Who knew? Who knew I would be so grown, so changed by this beautiful life? That girl would have never cut all of that hair off. It was as much a part of me as that mop on my husband's head (which is now shaved, by the way). Who knew I would have the strength to lift my son, to support him as he takes steps, to give him a voice, to navigate this scary special-needs world? God knew. Not me.

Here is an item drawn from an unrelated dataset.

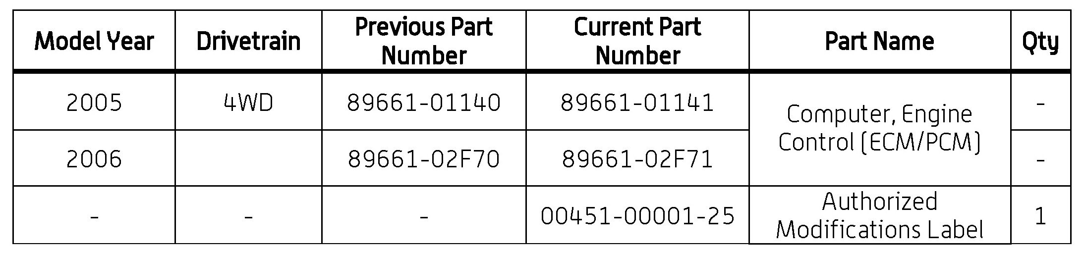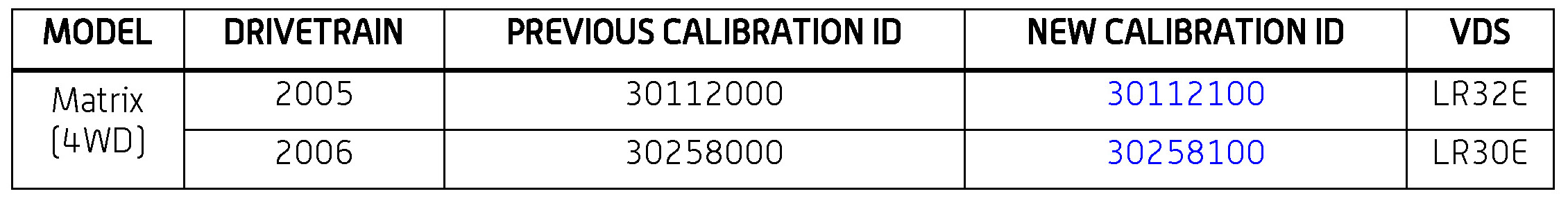 - Calibration ID(s) [Refer to the Calibration Identification Chart for the NEW CALIBRATION ID]

I felt changed when I got up from the chair. I wanted to hug that long-haired girl and tell her how proud I was. For getting through a dark, dark time and never losing sight of the light. For finding a really good guy and holding tight. For raising 2 confident, kind, and compassionate daughters. For pushing and fighting and cheering and loving on this beautiful boy we were given. It was the pre-wheelchair, post-wheelchair haircut. It was the "you are working really hard at being the person I intended you to be" voice of God.

Not just a haircut.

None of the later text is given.